[DATA UNDER STUDY — start]
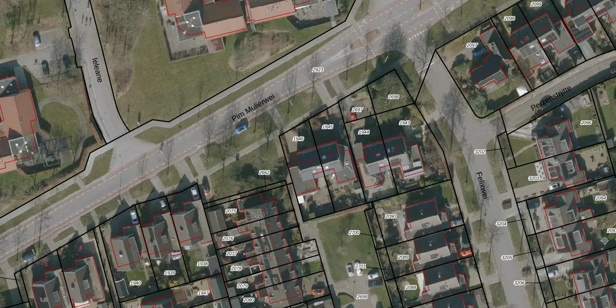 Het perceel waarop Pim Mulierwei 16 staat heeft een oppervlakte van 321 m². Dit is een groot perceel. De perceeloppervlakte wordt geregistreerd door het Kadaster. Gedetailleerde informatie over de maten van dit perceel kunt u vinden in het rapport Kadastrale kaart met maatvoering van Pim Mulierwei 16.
[DATA UNDER STUDY — finish]
[DATA UNDER STUDY — start]
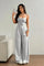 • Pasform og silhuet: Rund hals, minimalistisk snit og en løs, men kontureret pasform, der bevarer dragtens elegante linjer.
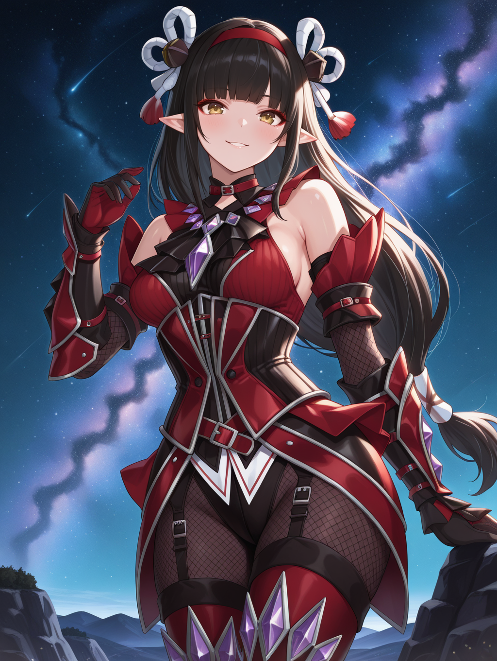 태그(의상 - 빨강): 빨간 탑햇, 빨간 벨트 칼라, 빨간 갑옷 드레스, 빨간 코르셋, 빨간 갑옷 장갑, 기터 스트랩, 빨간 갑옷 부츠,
[DATA UNDER STUDY — finish]
[DATA UNDER STUDY — start]
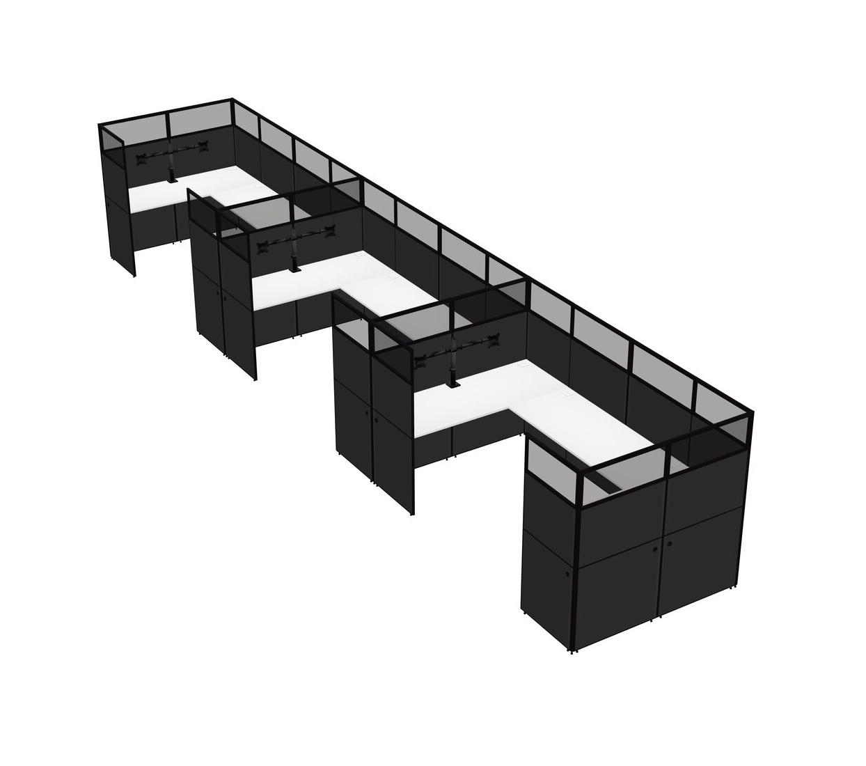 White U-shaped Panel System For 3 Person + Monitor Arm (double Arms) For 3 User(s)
[DATA UNDER STUDY — finish]
WORK REQUIRED – Start with the line with "dragtens elegante linjer." in the listing above and stop after the line with "태그(의상 - 빨강): 빨간". Write out exactly the lines in that stretch and no others, without pictures.

FINISHED EXERCISE –
 • Pasform og silhuet: Rund hals, minimalistisk snit og en løs, men kontureret pasform, der bevarer dragtens elegante linjer.
 태그(의상 - 빨강): 빨간 탑햇, 빨간 벨트 칼라, 빨간 갑옷 드레스, 빨간 코르셋, 빨간 갑옷 장갑, 기터 스트랩, 빨간 갑옷 부츠,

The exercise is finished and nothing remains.